Il avoit paru en septembre 1788, auprès de Honfleur, avec sa mère. Des pêcheurs les apperçurent de loin ; ils les virent lutter contre la marée et se débattre sur la grève : ils s’en approchèrent. La plus jeune de ces femelles étoit échouée : la mère cherchoit à la remettre à flot ; mais bientôt elle échoua elle-même. On s’empara d’abord de la jeune femelle ; on l’entoura de cordes, et, à force de bras, on la traîna sur le rivage jusqu’au-dessus des plus hautes eaux. On revint alors à la mère ; on l’attaqua avec audace ; on la perça de plusieurs coups sur la tête et sur le dos ; on lui fit dans le ventre une large blessure. L’animal furieux mugit comme un taureau, agita sa queue d’une manière terrible, éloigna les assaillans.
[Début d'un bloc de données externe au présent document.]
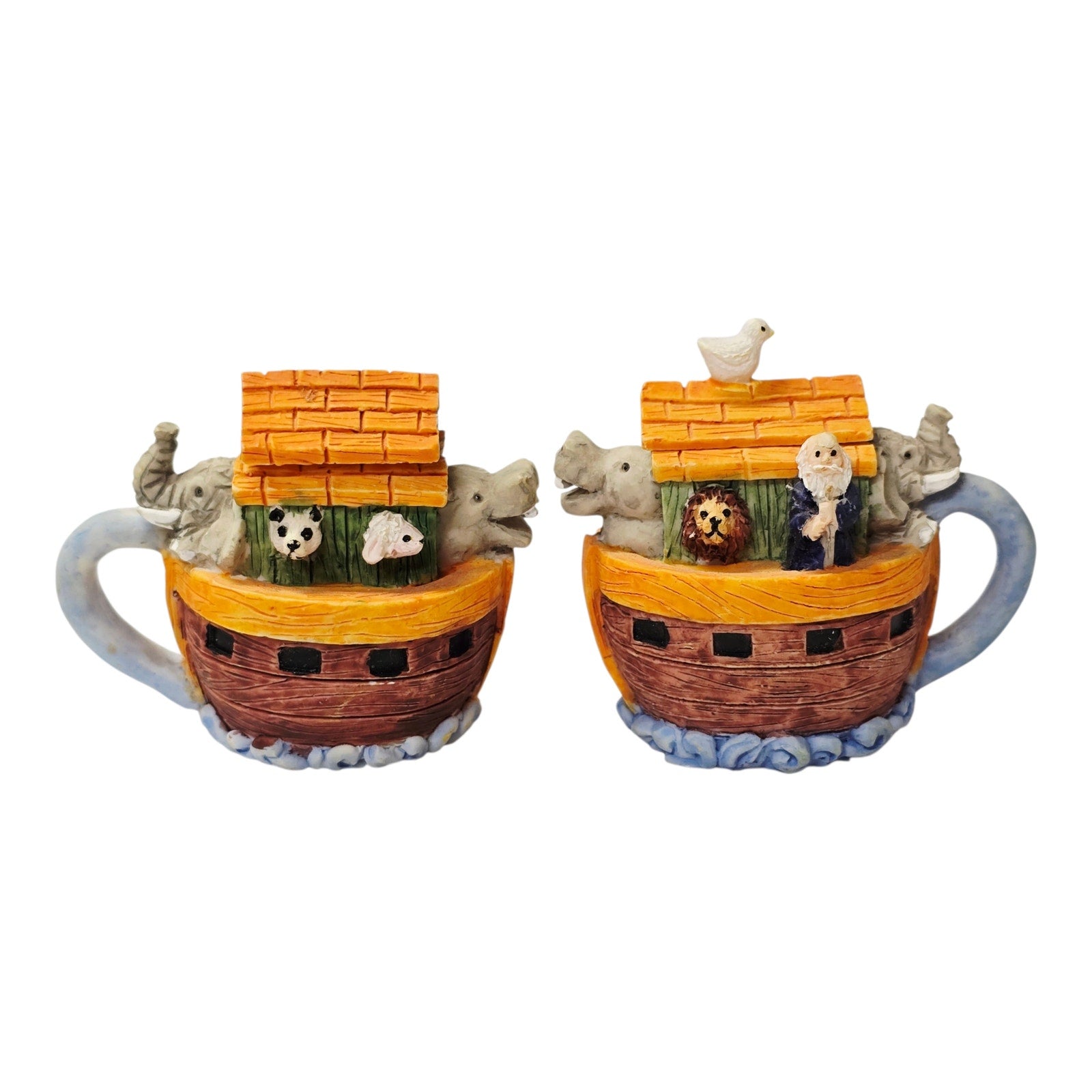 This is a 6-piece ceramic miniature play set featuring a Noah's Ark theme. Each piece is designed to resemble an ark and features hand-painted animal details, including Noah, a lion, hippo, elephant, sheep, and bear, etc.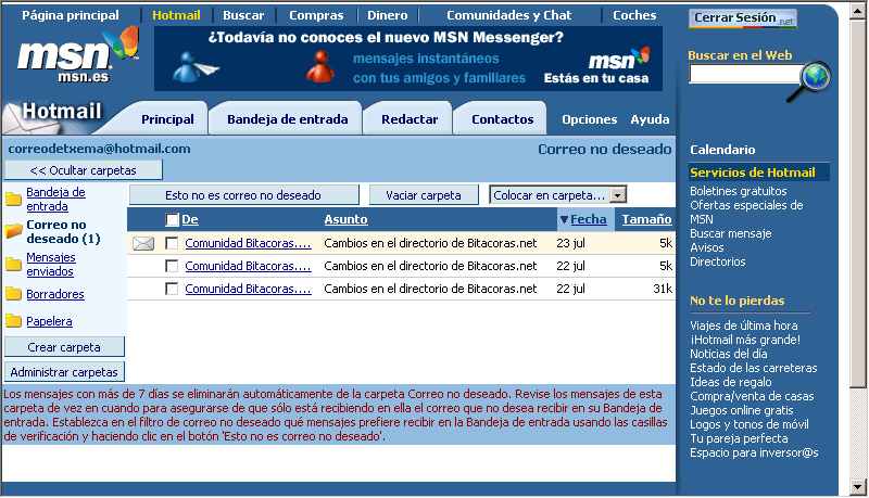 Curiosidad: Hotmail funciona...lo puso en correo no deseado.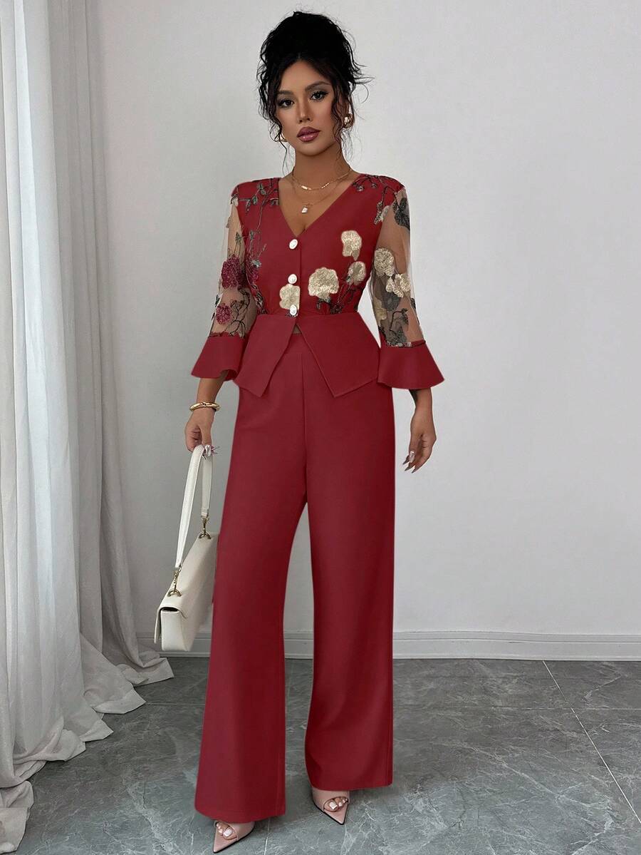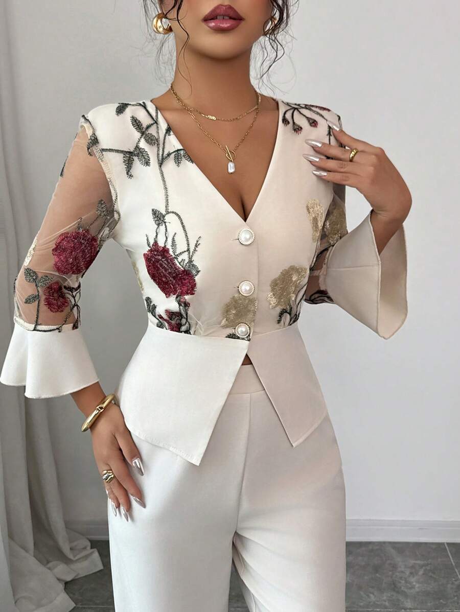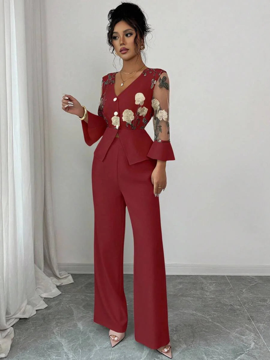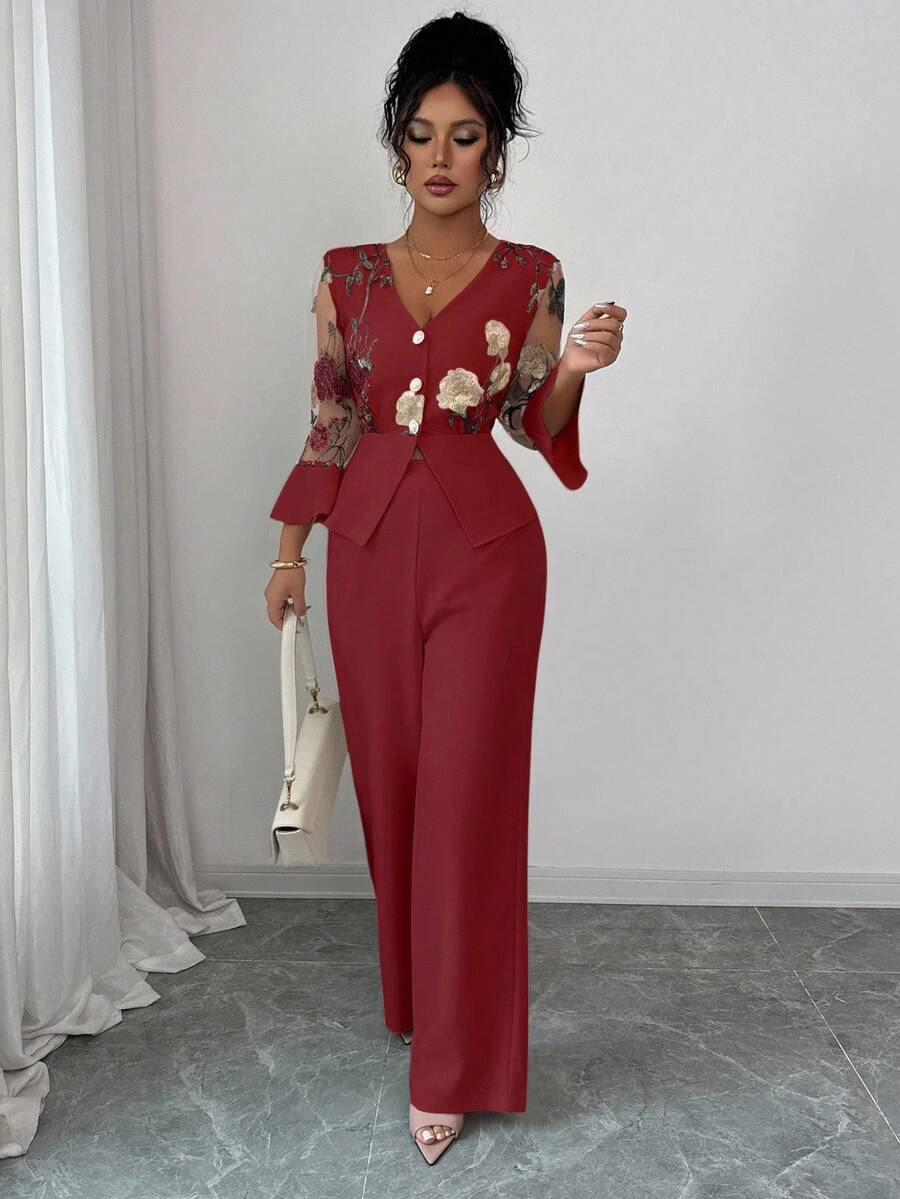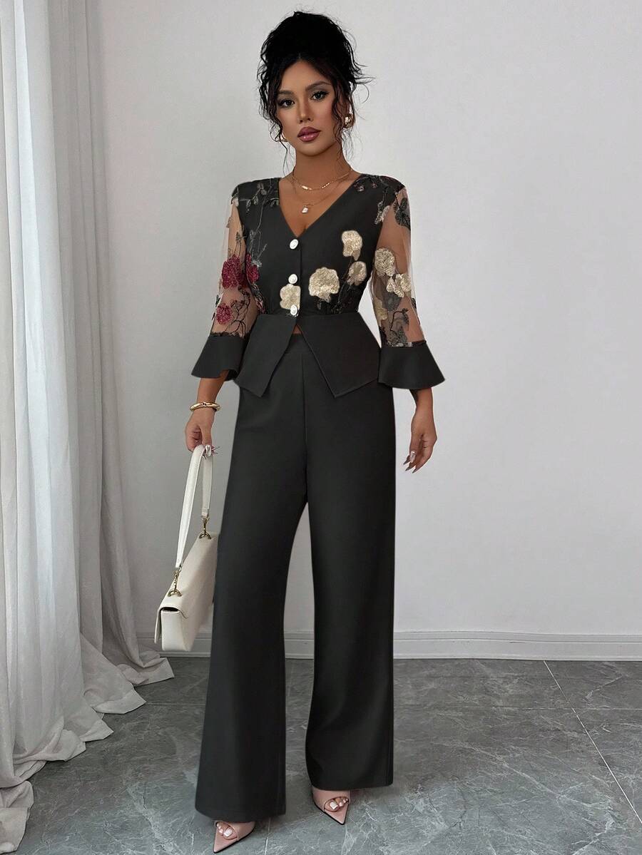 Elegante completo da donna in 2 pezzi con ricamo in rete, top a maniche medie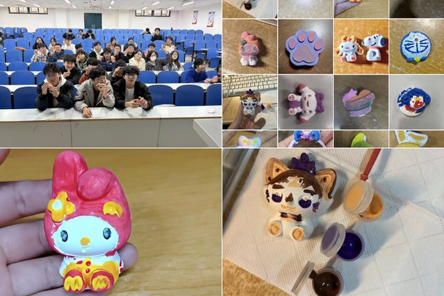 10月22日下午,移动软件2024级4班团支部在三教楼109开展“生活调色盘:绘制你的多巴胺人生”心理活动。活动分为石膏娃娃制作、主题心理沙龙、线上生活分享三大板块。石膏娃娃制作区,同学们围坐创作,借色彩抒发心境,彼此交流技巧,陌生同学逐渐熟络起来。心理沙龙上,主持人刘孜晗播放“困惑征集”语音,大家分享焦虑,交流解压办法,同学晒日常获得了大量互动。活动尾声,同学围圈分享感受,纷纷表示找到了情绪出口。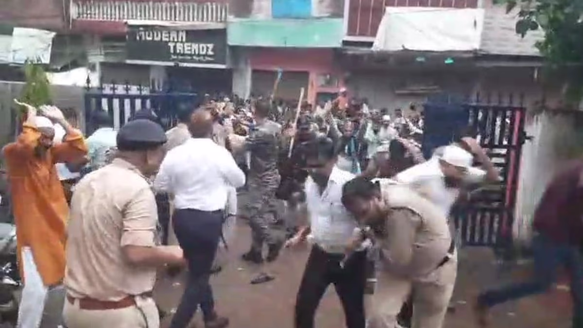 Javed Ali from Anjuman Islamia Committee stated that he and his colleagues were at the police station to submit the memorandum when others began pelting stones from outside.

Mais on recommença bientôt le combat : on parvint à faire passer un cable autour de la queue du cétacée ; on fit entrer la patte d’une ancre dans un de ses évents ; la malheureuse mère fit des efforts si violens, qu’elle cassa le cable, s’échappa vers la haute mer, et, lançant par son évent un jet d’eau et de sang à plus de quatre mètres de hauteur, alla mourir à la distance d’un ou deux myriamètres, où le lendemain on trouva son cadavre flottant.

Pendant que M. Baussard, auquel on a dû la description de ce butskopf, disséquoit ce cétacée, une odeur insupportable s’exhaloit de la tête ; cette émanation occasionna des inflammations aux narines et à la gorge de M. Baussard : l’âcreté de l’huile que l’on retiroit de cette même tête, altéra et corroda, pour ainsi dire, la peau de ses mains ; et une lueur phosphorique s’échappoit de l’intérieur du cadavre, comme elle s’échappe de plusieurs corps marins et très-huileux lorsqu’ils commencent à se corrompre.

Le butskopf a été vu dans une grande partie de l’Océan atlantique septentrional et de l’Océan glacial arctique.

FIN.
  1. Hyperoodon butskopf.
    Grand souffleur à bec d’oie.
    Butskopff.
    Delphinus orca (butskopf). Linné, édition de Gmelin.
    Butskopf. Mart. Spitzb. p. 93.
    id. Anderson, Isl. p. 252.
    id. Crantz, Groenland, p. 151.
    Buts-kopper. Eggede, Groenl. p. 56.
    Le dauphin butskopf. Bonnaterre, planches de l’Encyclopédie méthodique.
    Bottle-head, or slounders-head. Dale, Harwich, 4, 11, tab. 14.
    Nebbe haul, or beaked whale. Pontoppid. Norw. 1, 123.
    Beaked. Pennant, Zoolog. Britann. p. 59, n. 10.
    Observations sur la physique, l’histoire naturelle et les arts, mars 1789.
  2. Hyperoon, en grec, signifie palais ; et odos signifie dent.
  3. Journal de physique, mars 1789. — Mémoire de M. Baussard.